WASHINGTON | Fri Feb 19, 2010 7:34am EST

WASHINGTON (Reuters) - The U.S. central bank was getting back to business as usual by hiking the rate it charges for rarely used emergency loans to banks on Thursday, not warning consumers and businesses to brace for costlier credit, Federal Reserve Governor Elizabeth Duke said.

The hike in the discount rate to 0.75 percent from 0.5 percent, effective Friday, and the earlier ending of some extraordinary credit programs represent "further normalization of the Federal Reserve's lending facilities" and nothing more, said Duke.

"They do not signal any change in the outlook for monetary policy and are not expected to lead to tighter financial conditions for households and businesses," she said in an address at the Economics Club of Hampton Roads, in Norfolk, Virginia, echoing a statement by the Fed when it announced the rate hike earlier.

Duke outlined the wide variety of emergency lending and other measures that the Fed put in place -- some within days of her being sworn in on August 4, 2008 -- at the height of the financial crisis and stressed how vital they have been.

"I wholeheartedly believe that without the actions taken by the Federal Reserve, our financial system would have frozen and the outcome for the economy would have been unthinkable," she said.

In a brief question-and-answer session with the audience afterward, Duke said that in the future the rate of interest that the Fed pays on reserves that banks keep with it likely will become a key policy tool.

"What has happened as a part of this crisis is the Fed funds market has been pretty well disrupted, and so right now there are not many transactions taking place in the fed funds market," she noted.

"There may actually come a time as we transition back to normality where we may have to use that rate rather than the Fed funds rate while the Fed funds market repairs itself."

Duke made clear that some actions that Fed governors had to approve at the peak of the crisis were easier than others, especially the decision to make huge loans to distressed insurer American International Group.

"I wasn't there for Bear Stearns, but I did have to vote on the AIG loan," Duke said. "And I can tell you it was the hardest decision I have ever made."

At the time, she said, panic was so rife in financial markets that it was consuming companies like the monster in an old movie called "The Blob."

"We had just watched it eat Lehman.
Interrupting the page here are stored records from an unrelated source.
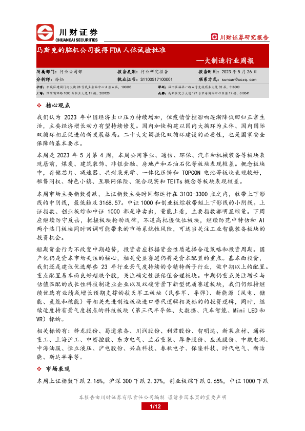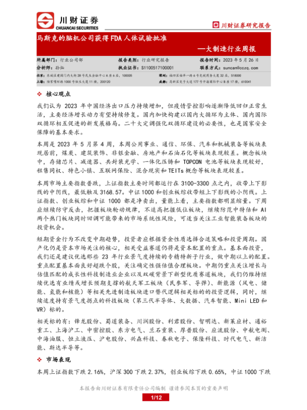 【川财证券】【20230526】20230526-川财证券-大制造行业周报:马斯克的脑机公司获得FDA人体试验批准-12页
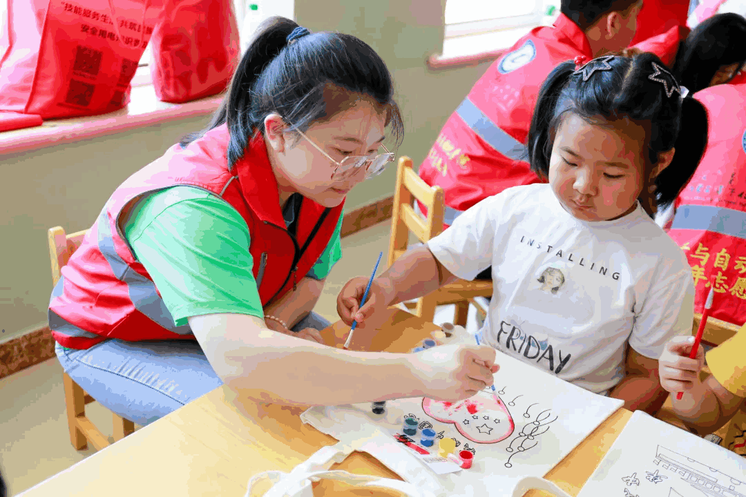 为积极响应习近平新时代中国特色社会主义思想中关于青少年爱国主义教育和红色文化传承的号召,引导广大青少年深刻认识爱国、爱党,激励青少年一代增强历史责任感和使命感,志愿者们来到呼和浩特市赛罕区巴彦镇星辰幼儿园。他们给幼儿园小朋友们播放抗日题材的动画片《芦荡小英雄》,志愿者们通过解说、提问等方法,帮助小朋友们了解影片内容、历史背景,让孩子们懂得今天的幸福生活来之不易。电影观看结束后组织了涂鸦活动,志愿者们为小朋友们分发调色盘、颜料、帆布袋和画笔等各类工具材料,他们坐到小朋友们的身边,教他们如何使用画笔,如何稀释颜料进行涂色。小朋友们发挥着自己的想象力和创意,在帆布袋上涂鸦和绘画。此次活动提升了小朋友们的动手实践能力,也加深了小朋友们的爱党爱国情感,让小朋友们从小坚定听党话、跟党走的决心,在心中埋下了一颗向党靠拢的红色种子,激励孩子努力成长为能够担当民族复兴大任的时代新人。
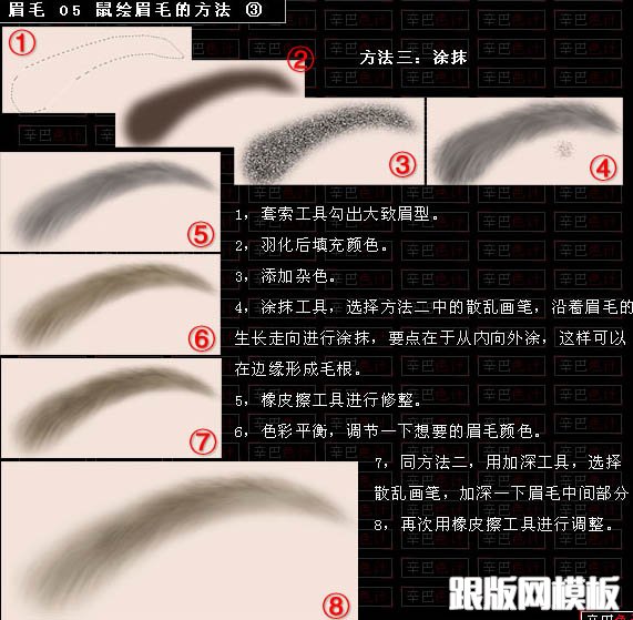 4、选择涂抹工具,选择方法二中的散乱画笔,沿着眉毛的生长走向进行涂抹,要点在于内向外涂,这样可以在边缘形成毛根。
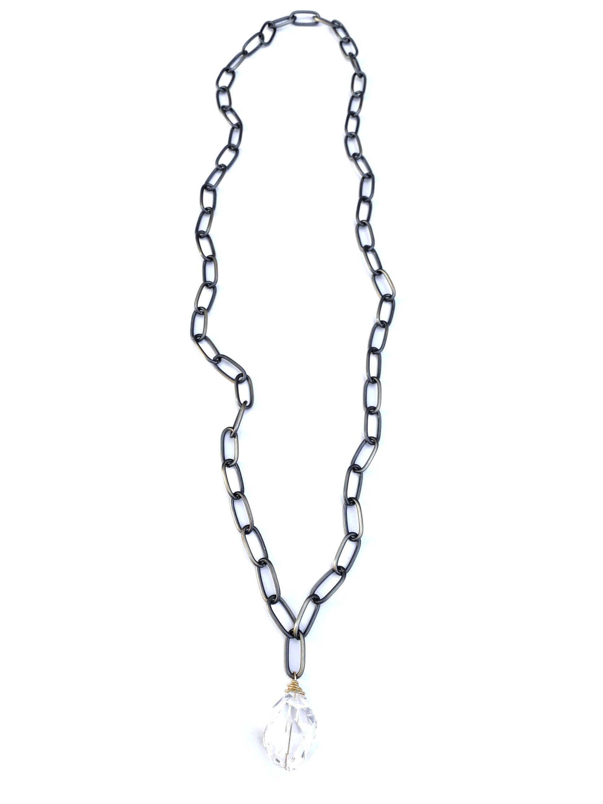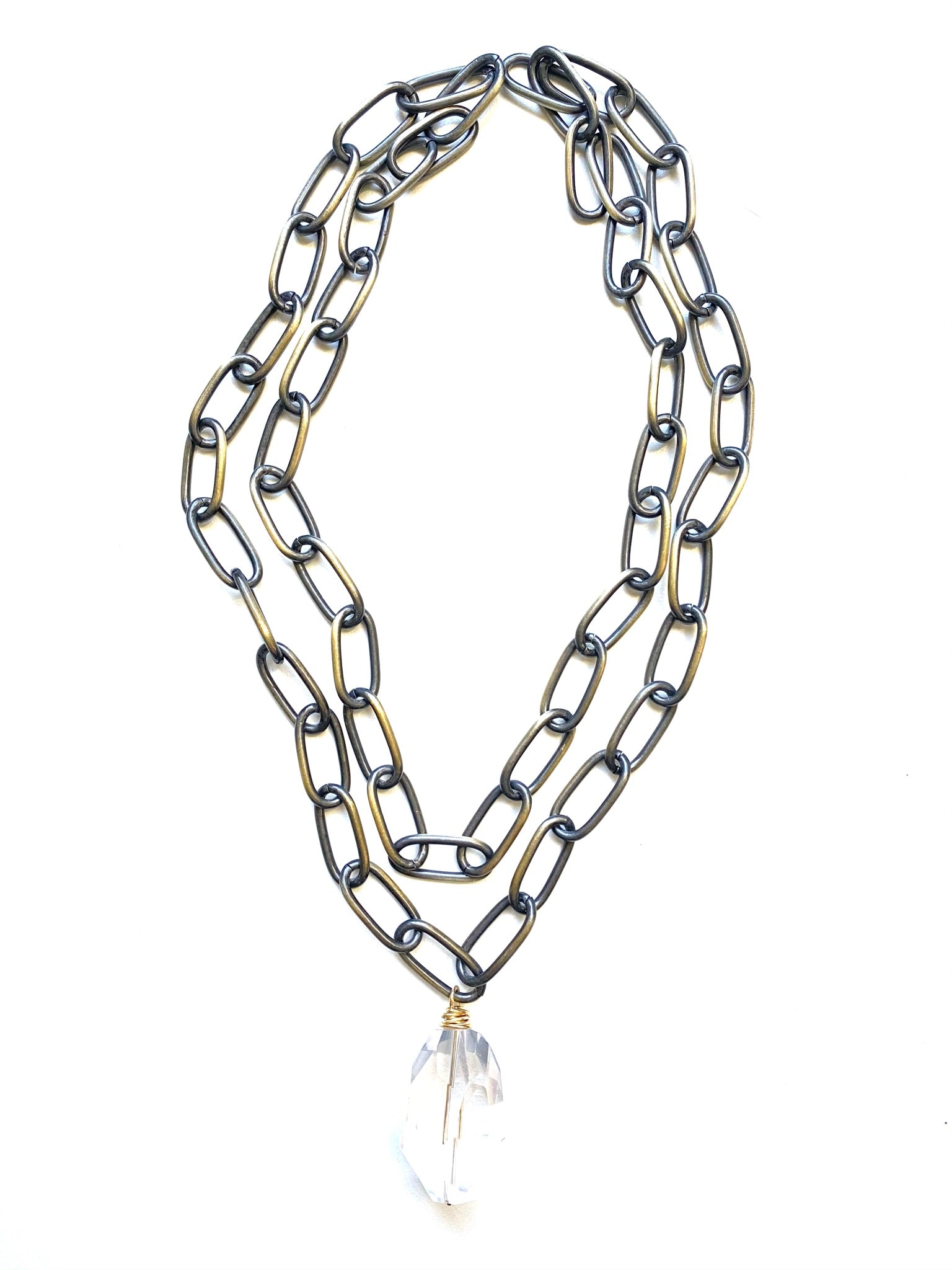 This show stopping necklace has antiqued brass chain with a gorgeous piece of quartz.
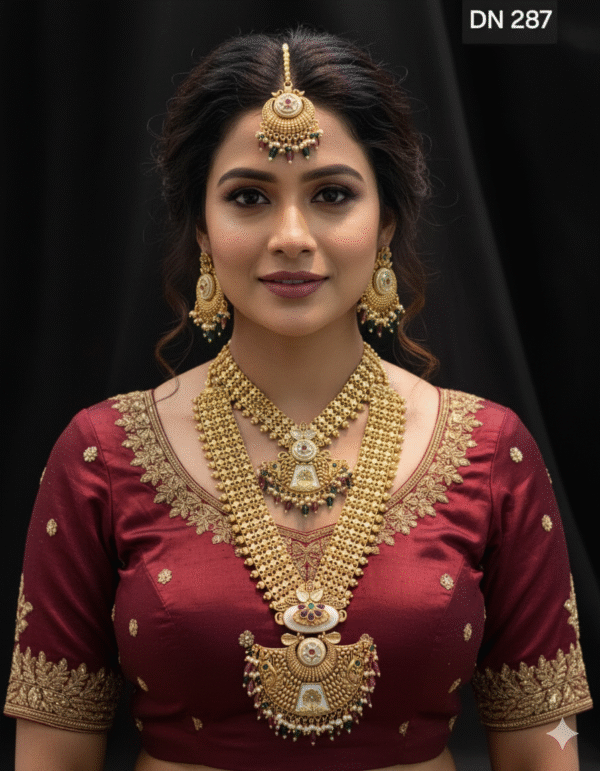 Adorn yourself with this stunning traditional semi-bridal jewelry set, perfect for weddings, engagements, and festive occasions. The set features two layers of intricately designed, gold-plated necklaces: a choker and a long layered chain, both featuring temple-style craftsmanship and delicate green and red stone accents. The ensemble is completed with matching jhumka earrings and a beautiful maang tikka. The heavy, yet elegant design captures the essence of classic South Indian bridal wear (e.g., guttapusalu, antique finish). An ideal choice for brides, bridesmaids, or anyone seeking a grand, ethnic look.

Now it was focused on AIG," she said. "The clock was ticking, and default was imminent."

The Fed felt it had little choice except to lend to AIG because letting it fail would have "huge" consequences for markets, given its far-flung connections, she said.

"If I had to cast that vote again, even knowing all that followed, including the criticism that we have received, I wouldn't change it," Duke said.

She said the Fed still expects to incur no losses on the loans to AIG.